Individual patients varied greatly, ranging from mild chest pain, palpitation and transient electrocardiogram to life-threatening cardiogenic shock and malignant arrhythmia. A European study revealed that when myocardial damage occurs due to viral infection, 72% of patients have dyspnea as the initial symptom, 32% have chest pain, and 18% have arrhythmia (14). Explosive myocarditis could cause acute left heart failure or cardiogenic shock. Most of the patients showed pulmonary congestion or shock. Some patients experienced syncope and sudden death.
The gradual increase of myocardial injury markers such as troponin, CK and its isoenzymes, and myoglobin indicated that the disease is deteriorating continuously. Persistent absence of peak values might indicate a poor prognosis. The level of B-type natriuretic peptide (BNP) or N-terminal BNP (NT-proBNP) was typically significantly increased, indicating serious cardiac function damage. At the same time, some studies have demonstrated that the inflammatory reaction produced by COVID-19 also has myocardial injury effect, so we should be alert to abnormal increase of inflammatory indexes in patients (15).
It has high sensitivity but low specificity. Patients should be repeatedly examined. If there is a wide range of limb lead, especially the low voltage of the QRS complex in the chest lead, the patient’s myocardial injury might be serious. The occurrence of bundle branch block or atrioventricular block usually indicated a poor prognosis. ST-T segment changes were more common in electrocardiogram examination, representing myocardial repolarization abnormalities.
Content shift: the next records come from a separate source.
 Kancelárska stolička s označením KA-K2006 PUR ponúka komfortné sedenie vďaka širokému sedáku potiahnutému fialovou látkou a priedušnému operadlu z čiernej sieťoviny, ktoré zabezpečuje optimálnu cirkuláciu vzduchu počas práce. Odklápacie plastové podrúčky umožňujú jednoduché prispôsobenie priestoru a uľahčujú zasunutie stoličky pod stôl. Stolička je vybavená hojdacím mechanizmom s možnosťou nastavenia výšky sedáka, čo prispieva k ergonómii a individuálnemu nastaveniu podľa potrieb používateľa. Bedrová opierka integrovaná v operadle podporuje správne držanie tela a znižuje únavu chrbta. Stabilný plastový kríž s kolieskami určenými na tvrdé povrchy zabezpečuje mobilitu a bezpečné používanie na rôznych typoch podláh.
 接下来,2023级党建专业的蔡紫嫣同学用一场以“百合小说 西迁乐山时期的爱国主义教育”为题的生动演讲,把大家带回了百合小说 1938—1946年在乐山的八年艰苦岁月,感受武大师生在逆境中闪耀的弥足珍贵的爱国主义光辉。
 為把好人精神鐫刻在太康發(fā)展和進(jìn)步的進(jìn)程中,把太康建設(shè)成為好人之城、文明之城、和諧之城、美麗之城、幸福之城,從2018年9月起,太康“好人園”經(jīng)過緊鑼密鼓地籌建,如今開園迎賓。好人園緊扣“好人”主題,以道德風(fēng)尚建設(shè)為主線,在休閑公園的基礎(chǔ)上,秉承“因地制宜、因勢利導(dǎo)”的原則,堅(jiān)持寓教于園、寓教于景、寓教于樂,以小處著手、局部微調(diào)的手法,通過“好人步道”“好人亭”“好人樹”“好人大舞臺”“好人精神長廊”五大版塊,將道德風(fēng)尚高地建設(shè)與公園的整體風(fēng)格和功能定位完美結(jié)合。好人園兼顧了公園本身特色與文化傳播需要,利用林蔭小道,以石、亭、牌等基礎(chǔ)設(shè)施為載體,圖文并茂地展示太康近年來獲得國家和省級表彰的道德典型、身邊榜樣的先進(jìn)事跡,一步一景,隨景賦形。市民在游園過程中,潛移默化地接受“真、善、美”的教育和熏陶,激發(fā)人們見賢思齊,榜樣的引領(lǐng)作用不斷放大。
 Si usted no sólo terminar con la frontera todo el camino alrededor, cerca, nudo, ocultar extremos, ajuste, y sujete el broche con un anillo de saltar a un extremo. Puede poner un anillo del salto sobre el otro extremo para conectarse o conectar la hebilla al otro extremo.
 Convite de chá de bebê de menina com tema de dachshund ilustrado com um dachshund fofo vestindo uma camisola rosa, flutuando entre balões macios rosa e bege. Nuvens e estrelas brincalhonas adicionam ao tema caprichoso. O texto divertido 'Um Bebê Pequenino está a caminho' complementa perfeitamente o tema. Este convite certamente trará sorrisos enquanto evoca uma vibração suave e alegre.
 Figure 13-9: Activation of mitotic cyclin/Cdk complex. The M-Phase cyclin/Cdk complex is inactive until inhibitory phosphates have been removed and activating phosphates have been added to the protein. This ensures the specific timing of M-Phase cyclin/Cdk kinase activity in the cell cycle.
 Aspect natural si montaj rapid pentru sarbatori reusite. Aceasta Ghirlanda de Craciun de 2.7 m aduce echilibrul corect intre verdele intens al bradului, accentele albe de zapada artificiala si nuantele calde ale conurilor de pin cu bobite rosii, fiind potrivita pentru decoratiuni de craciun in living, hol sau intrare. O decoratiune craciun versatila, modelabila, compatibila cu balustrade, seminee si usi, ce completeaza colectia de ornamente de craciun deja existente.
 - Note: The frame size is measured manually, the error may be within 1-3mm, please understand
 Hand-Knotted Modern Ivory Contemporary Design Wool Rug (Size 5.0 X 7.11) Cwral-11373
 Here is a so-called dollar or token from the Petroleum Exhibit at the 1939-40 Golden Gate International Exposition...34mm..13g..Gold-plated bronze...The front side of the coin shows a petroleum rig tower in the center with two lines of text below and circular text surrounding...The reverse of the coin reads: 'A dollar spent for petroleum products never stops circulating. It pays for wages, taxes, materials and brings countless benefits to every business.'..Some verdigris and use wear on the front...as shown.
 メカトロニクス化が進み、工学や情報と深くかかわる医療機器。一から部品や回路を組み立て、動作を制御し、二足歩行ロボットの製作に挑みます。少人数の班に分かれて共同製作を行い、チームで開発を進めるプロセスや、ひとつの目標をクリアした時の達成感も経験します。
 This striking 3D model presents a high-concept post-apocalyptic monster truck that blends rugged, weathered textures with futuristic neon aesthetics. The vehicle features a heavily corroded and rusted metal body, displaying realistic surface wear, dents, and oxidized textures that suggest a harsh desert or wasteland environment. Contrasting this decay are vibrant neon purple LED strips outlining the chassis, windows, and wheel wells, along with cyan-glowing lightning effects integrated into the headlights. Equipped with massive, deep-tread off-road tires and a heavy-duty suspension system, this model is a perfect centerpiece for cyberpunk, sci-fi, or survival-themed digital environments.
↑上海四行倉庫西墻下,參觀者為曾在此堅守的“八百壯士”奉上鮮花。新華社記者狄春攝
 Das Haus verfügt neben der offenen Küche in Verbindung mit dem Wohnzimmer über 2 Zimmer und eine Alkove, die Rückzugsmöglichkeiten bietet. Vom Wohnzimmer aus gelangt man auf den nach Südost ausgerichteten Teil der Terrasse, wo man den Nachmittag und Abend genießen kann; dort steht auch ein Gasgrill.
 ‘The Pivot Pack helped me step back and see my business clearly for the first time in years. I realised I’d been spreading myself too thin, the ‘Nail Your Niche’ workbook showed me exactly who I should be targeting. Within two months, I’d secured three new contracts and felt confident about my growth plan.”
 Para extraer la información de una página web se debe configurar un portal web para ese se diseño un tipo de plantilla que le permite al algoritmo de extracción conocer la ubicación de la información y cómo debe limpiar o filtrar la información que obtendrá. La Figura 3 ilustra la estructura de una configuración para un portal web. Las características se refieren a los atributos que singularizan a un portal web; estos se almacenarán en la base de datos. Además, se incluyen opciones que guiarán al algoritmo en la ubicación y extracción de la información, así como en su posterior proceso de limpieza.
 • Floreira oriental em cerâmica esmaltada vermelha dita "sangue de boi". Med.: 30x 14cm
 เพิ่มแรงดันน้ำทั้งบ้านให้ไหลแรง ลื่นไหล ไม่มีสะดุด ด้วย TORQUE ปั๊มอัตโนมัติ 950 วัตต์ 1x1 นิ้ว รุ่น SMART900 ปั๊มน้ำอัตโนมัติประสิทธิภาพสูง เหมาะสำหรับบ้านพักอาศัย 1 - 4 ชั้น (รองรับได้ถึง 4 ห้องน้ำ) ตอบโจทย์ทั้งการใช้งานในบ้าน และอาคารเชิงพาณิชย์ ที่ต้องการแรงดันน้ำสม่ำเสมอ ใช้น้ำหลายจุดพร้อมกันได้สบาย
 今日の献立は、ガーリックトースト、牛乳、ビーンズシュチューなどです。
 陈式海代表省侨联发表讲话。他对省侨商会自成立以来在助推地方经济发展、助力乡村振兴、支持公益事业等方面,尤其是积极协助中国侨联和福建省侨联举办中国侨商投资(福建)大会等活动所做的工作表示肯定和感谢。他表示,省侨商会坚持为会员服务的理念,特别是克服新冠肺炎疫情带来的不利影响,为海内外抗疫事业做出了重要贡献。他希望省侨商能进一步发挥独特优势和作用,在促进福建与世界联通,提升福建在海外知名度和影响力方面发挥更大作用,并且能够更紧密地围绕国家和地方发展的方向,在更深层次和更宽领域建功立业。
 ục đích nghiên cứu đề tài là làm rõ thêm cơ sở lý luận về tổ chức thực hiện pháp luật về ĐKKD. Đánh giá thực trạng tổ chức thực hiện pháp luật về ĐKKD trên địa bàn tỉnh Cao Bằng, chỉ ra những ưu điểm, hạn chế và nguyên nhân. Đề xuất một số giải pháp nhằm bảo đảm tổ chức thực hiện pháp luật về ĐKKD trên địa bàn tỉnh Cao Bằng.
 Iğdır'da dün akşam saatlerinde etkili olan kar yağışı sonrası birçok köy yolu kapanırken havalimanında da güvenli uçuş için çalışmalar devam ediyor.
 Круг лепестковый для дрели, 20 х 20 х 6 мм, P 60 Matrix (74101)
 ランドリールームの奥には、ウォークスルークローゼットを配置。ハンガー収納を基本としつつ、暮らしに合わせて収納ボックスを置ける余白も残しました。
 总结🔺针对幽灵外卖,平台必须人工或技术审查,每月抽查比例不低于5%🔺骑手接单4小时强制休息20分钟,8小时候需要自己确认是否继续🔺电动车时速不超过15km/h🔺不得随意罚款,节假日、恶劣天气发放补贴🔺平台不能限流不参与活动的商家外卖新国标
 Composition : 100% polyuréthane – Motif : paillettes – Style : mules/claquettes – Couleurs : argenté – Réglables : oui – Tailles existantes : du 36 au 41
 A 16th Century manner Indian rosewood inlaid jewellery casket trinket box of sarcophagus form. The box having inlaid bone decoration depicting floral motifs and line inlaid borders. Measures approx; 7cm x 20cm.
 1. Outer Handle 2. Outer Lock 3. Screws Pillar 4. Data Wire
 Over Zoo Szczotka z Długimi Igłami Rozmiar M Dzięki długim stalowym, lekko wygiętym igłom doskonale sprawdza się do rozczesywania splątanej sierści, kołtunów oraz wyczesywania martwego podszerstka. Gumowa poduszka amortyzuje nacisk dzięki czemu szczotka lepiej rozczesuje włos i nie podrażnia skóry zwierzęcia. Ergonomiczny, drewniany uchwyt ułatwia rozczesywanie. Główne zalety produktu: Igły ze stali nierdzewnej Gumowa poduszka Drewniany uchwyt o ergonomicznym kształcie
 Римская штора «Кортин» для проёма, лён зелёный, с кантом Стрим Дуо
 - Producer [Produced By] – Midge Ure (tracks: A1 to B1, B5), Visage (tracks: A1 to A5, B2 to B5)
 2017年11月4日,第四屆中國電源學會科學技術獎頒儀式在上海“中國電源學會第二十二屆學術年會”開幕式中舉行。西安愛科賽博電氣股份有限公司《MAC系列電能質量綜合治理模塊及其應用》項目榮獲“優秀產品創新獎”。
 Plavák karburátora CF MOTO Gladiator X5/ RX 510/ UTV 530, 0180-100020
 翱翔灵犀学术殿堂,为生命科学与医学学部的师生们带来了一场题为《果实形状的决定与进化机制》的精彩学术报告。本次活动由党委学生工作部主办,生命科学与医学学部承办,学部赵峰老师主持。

Electrocardiogram of some patients might even be similar to acute myocardial infarction. It is sometimes difficult to distinguish the two, and coronary angiography can be performed for exploration (13).
Echocardiography is of great value in diagnosis and follow-up of myocardial injury caused by COVID-19. Patients might have various degrees of diffuse ventricular wall motion reduction, cardiac systolic dysfunction, cardiac chamber enlargement, ventricular septal thickening caused by myocardial edema, and ventricular wall segmental motion abnormalities (16).
Magnetic resonance imaging
Specific magnetic resonance imaging manifestations of severe myocarditis included myocardial edema, hyperemia, necrosis, fibrosis, etc. It can be used to distinguish acute myocardial ischemia from myocarditis. However, patients with COVID-19 complicated with myocardial injury were generally in poor condition and their respiratory function was inhibited (2). Nuclear magnetic resonance examination has some risks. In addition, the diagnostic value of MRI for subacute phase was controversial (13).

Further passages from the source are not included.